The cysticercosis is a neglected zoonotic infection caused by T. solium parasite. It is one of the WHO's lists of most neglected tropical diseases and the most prevalent human tapeworm. We have applied different bioinformatics approaches to identify and annotate all the predicted ES proteins encoded in the T. solium genome. To the best of our knowledge, the present study is the most comprehensive in silico collection of the T. solium secretome and it represented the 6.5% of the total proteins encoded in their genome. This proportion of ES proteins is in agreement with secretomes previously reported for other species2,26. The ES proteins can circulate in the extracellular space of an organism making them attractive as targets for novel therapeutics, because they may be more accessible to drugs than other proteins. Our T. solium secretome provides a rich source of potential drug targets, vaccine candidates or diagnostic proteins for developing new treatment and diagnostics strategies. In addition, our study contributes to increase the knowledge of the molecular mechanisms of host-parasite interaction. As well as to identify novel proteins with immunomodulatory properties that could be used as targets to control inflammatory processes of non-infectious diseases.
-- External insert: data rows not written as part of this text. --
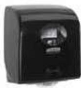
DISPENSADOR SLIMROLL NEGRO 190m

REF:41060014 Formato:1ud Marca: AQUARIUS UD/CAJA:
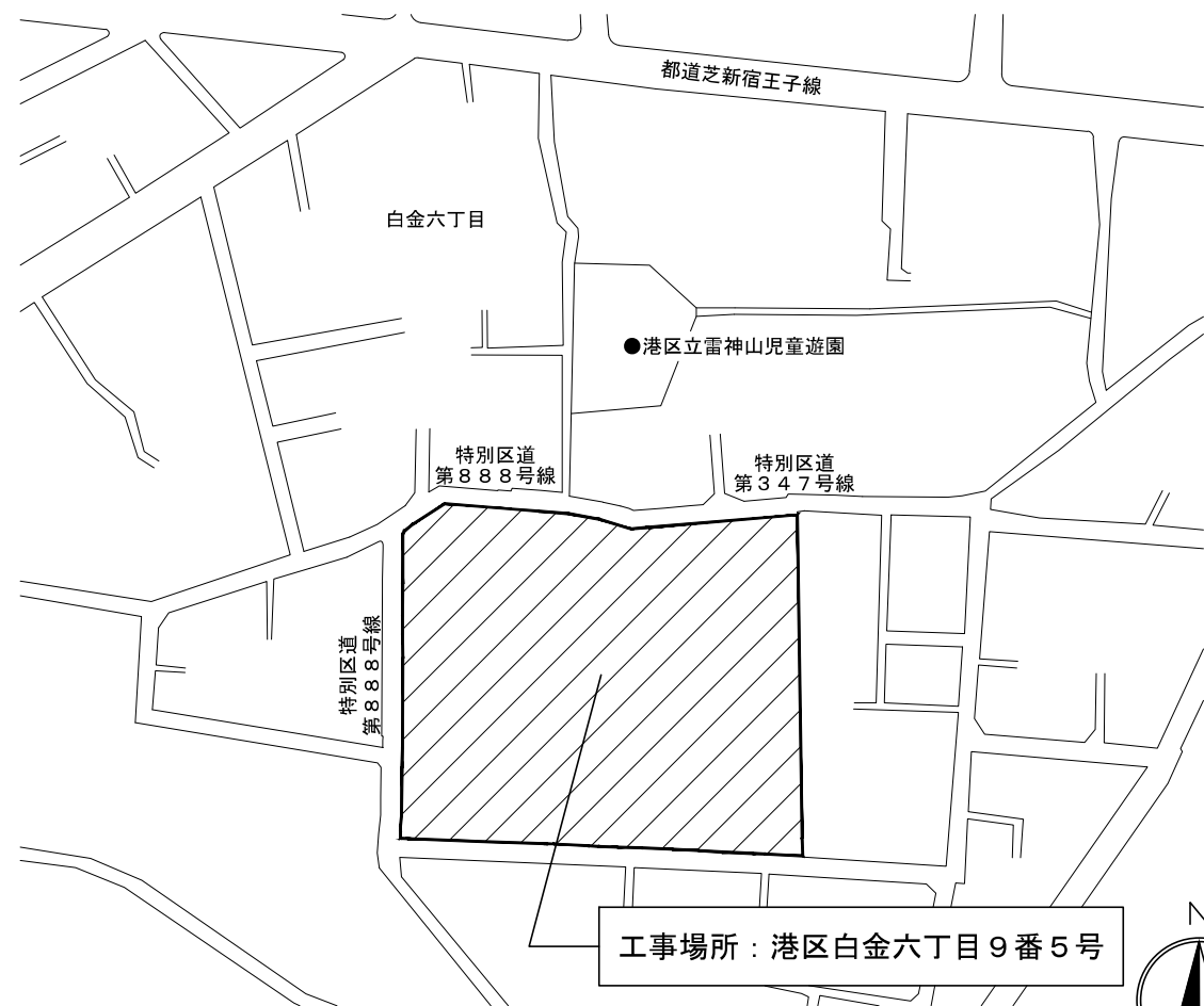
案内図 縮尺 1 / 1,500
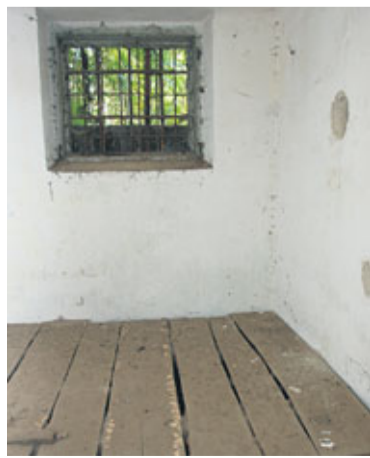
● U samice, u kojima su zatočnici sustavno slamani fizički i psihički, bili su bačeni i brojni svećenici

161. Serafino Matello , Luigija i Delfine r. Dini, rođen 20. 7. 1889. u mjestu Cornado di Vicentina, pro-
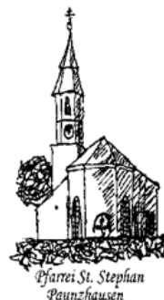
Pfarrrei St. Stephan Paunzhausen
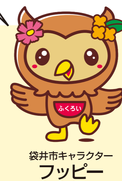
袋井市キャラクター フッピー
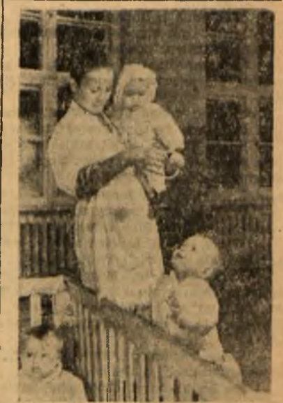
Realizacja Programu Wyborczego Frontu Narodowego to między innymi szeroko rozwinięta opieka Państwa Ludowego nad matką i dzieckiem, to jasna przyszłość naszych dzieci. Na zdjęciu: w Państwowym Domu Matki i Dziecka w Ciechanowie - dzieci bawią się pod opieką jednej z matek.

Przykłady te świadczą, że kontrola nad pracą młynów jest niedostateczna i wzmocnienie jej jest kwestią palącą. Młynarze popełniający nadużycia powinni być przykładowo ukarani. Nie wolno pozwolić, aby młynarze - spekulanci okradali Państwo i chłopów.
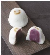
おばけ餅 1個 216円(税込) 菓匠 禄兵衛 (エキュート東京) ふわふわの滋賀羽二重餅で濃厚な紅芋あんと食感のよいクルミを包みこんだハロウィン限定のかわいらしい大福です。 ※販売期間:10月19日~10月31日
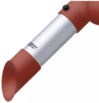
ALSIDENT Rohrdüse NW 50, mit rotem Plastikkopf Artikel-Nr.: 150224

Functional information of the T. solium secretome was obtained through the analysis of Gene Ontology (GO) annotations of the 838 ES proteins. The top 10 GO term enrichment showed a statistical overrepresentation in the ES proteins of biological activities that are strongly related to the typical functions of secreted proteins (Figure 3). The GO terms related to extracellular matrix, endoplasmic reticulum lumen and anchored to membrane showed a significant enrichment in the Cellular Component category. The secretome of an organism includes all proteins secreted by the cell including those of the extracellular matrix, proteins shed from the cell membrane and vesicle proteins like microsomal vesicles1,49,50. The GO term enrichment related to the endoplasmic reticulum lumen suggests that, even with a correctly predicted signal peptide, some proteins can be resident of the endoplasmic reticulum. The top 10 GO term enrichment of Biological Process and Molecular Function showed a statistical overrepresentation in the ES proteins of peptidase activities, extracellular organization and cell adhesion terms. Proteins with peptidase domains have been previously reported to be involved in virulence activity in several helminth species51. Several ES proteins were predicted to be involved in antigen processing and presentation pathway. Interestingly, there is evidence that secreted glycoantigens by cysticerci can modulate the host inflammatory response through the activation of dendritic cells in the experimental murine cysticercosis caused by T. crassiceps52. However, the relevance of ES proteins on the modulation of host-parasite relationships has not been studied in human cysticercosis. Although, it is well known that helminth ES proteins can modulate the host immune system during the infection for parasite survival13,14,15.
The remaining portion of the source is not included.